To me, the thing that exemplifies "work smarter, not harder" is the Fallout 3 train hat - instead of creating an entirely new system for a train, they just have an NPC wearing a hat which is an entire train, hidden under the floor and running very quickly.
It's absurd, and someone could have spent a lot of time and effort on a new system to get the the same result in a less absurd way. But this works, so why not?
So my new motto is, "don't be afraid to wear a train as a hat."
@matt it's metro-chan! we love her!!!
@matt the thing about these kinds of "smart" hacks is they need to be weighed in terms of how flaky they are. train hat may have saved a programmer the trouble of writing a proper system, but maybe the hack caused a lot of bugs that ended up needing equivalent programmer time to fix it. there's also the production axis, maybe the hack *does* suck but design bandwidth is plentiful while programming bandwidth is tight. it's all tradeoffs and true costs are often difficult to assess going in.
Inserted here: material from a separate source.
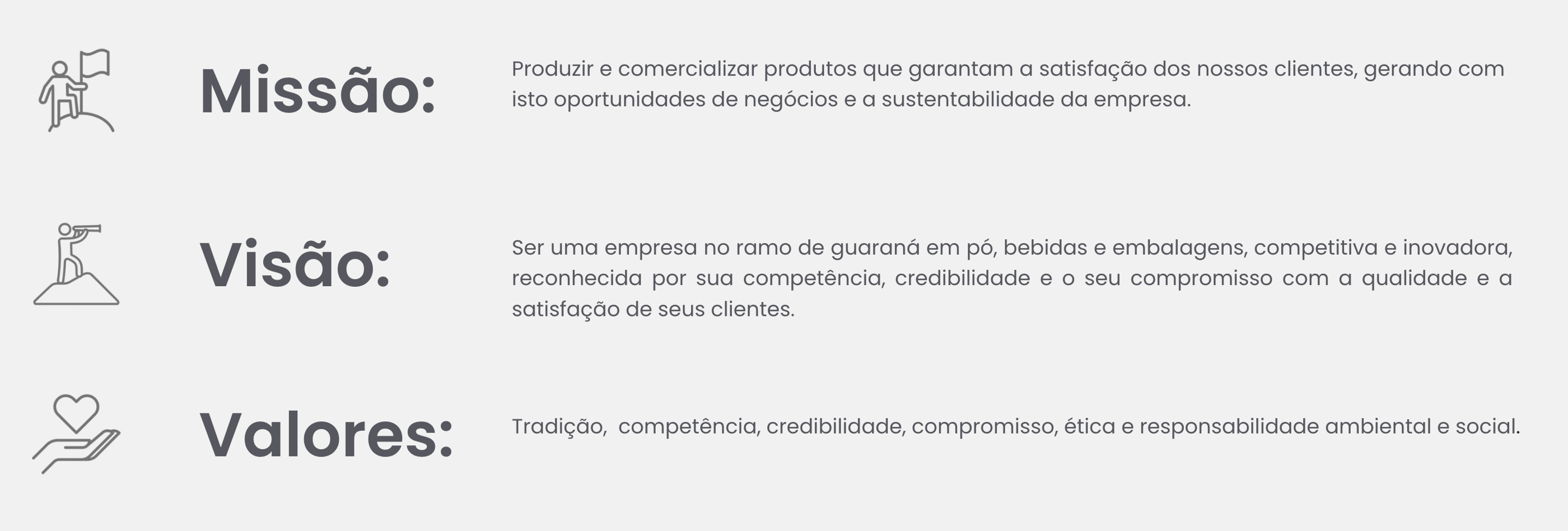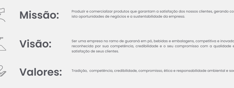 Ser uma empresa no ramo de guaraná em pó, bebidas e embalagens, competitiva e inovadora, reconhecida por sua competência, credibilidade e o seu compromisso com a qualidade e a satisfação de seus clientes.

@radicalgraffiti AFAIK none of the Fallout games have functional vehicles. Fallout 3 didn't have *any* ground-based vehicles except for stationary bombed-out cars, the only moving conveyance was a helicopter, and I think it was just used in cutscenes. The train was added in a DLC pack.
@matt oh ok, i haven't got that far into the game
but i still doubt thats the easiest way to reuse the code
@matt strafing ?... naaah~ Drifting ? Hell yeah !
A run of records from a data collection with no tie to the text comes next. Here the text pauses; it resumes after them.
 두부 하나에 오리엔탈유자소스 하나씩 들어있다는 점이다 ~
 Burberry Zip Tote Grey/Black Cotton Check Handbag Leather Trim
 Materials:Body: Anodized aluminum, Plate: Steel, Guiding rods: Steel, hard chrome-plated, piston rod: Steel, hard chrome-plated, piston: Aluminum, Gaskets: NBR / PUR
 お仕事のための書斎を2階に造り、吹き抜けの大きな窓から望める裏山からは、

@matt I don't think it is such a good idea...
@matt it is a very good thing to be adaptable and able to come up with a novel solution like this, but I've been too long in the computer mines to not cringe at the idea of a product manager saying 'well you got that to work by using a hat, why can't you do the same thing here?' and that's how we got epicycles to explain planetary movement. thank you for sharing this. As you can see I have "favorited" it, but I needed to vent a little as well.